Encadrés par leurs professeurs, les 18 élèves membres du comité vert en environnement de l‘école Barthélémy-Vimont travaillent sur l’aménagement du devant de l’école.

Après mûre réflexion, ils ont privilégié ce site plutôt que la cour ou le parc Saint-Roch afin de rendre l’environnement sain.

«Les gens n’ont pas une bonne image de l’école, car il y a des déchets devant. On voudrait que tous les élèves soient fiers de leur école. Nous voulons aussi que le nom de l’école soit plus beau et plus visible», a présenté Vandna, élève de 4e année.

Face au manque d’arbres, de fleurs et de mobilier urbain devant l’établissement, les jeunes proposent de verdir le site et de ramasser les ordures. Pour réaliser ce projet, la Fondation québécoise en environnement leur a remis un chèque de 1000$. Une somme que devront gérer les enfants.

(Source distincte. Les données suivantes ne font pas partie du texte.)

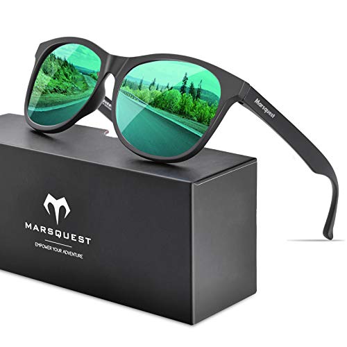- MARSQUEST 偏光 サングラス 偏光レンズ ウェリントン型 ミラー サングラス 超軽量フレーム採用 表面に特殊なコーティング技術加工 UV400紫外線・反射光・強光眩しい光・グレアからカット 一体式鼻当 落下防止デザイン 超抗衝撃 自転車・ドライブ・ランニング・釣り・登山・トレッキングなどスポーツにも最適 ファッションなデザイン メンズ & レディース用 収納ポーチ付き momentum (グリーン)

La contribution est toutefois insuffisante pour un projet d’envergure. Planter un arbre d’un calibre moyen coûte entre 600 et 800 $, rappelle Violaine Provonost chargée de projet chez Vrac Environnement, aussi partenaire du projet.

Un «premier pas dans la bonne direction»

Si les enfants sont optimistes dans leur démarches, reste que le périmètre autour du complexe William-Hingston, dont fait partie l’école Barthélémy-Vimont, a déjà été verdi par le passé, avant d’être vandalisé. «Ce sont 20 000$ qui ont été investis dans l’aménagement du site, il y avait des tables et des plantes vivaces. Mais il y avait un manque de respect et du vandalisme. Des enfants ont mis le feu à une compostière. L’erreur que l’on a faite par le passé, c’est de ne pas impliquer les usagers du Complexe Wiliam-Hingston», reconnaît Mme Provonost.

La force de ce projet résiderait peut-être cette fois-ci dans le pouvoir de décision accordé aux enfants.

«Les jeunes définissent les problèmes et les solutions dans une perspective d’empowerment social», explique Giulietta Di Mambro, assistante de recherche à l’université Concordia, également impliquée dans le projet. Pour elle, «le processus importe plus que le résultat.»

«L’objectif en impliquant les jeunes, c’est qu’il y ait plus de respect. On veut rejoindre les adultes par le biais des enfants, mais aussi sensibiliser ces deniers. Ils ont un pouvoir de décision ; certains jettent des déchets par terre», poursuit la représentante de Vrac Environnement. Pour l’organisme, qui continue de travailler sur des projets d’embellissement du site, ce projet reste un premier pas dans la bonne direction. Dans le cadre de ses classes vertes, Vrac Environnement proposera aux enfants de planter des semis en classe prochainement.

 

Sensibiliser les enfants aux défis urbains

D’ici la fin avril, Vrac Environnement organisera des marches exploratoires avec les enfants de l’école pour les sensibiliser aux défis urbains et au transport actif. Les élèves devraient présenter un compte-rendu aux élus dans le cadre du conseil d’arrondissement du mois de juin.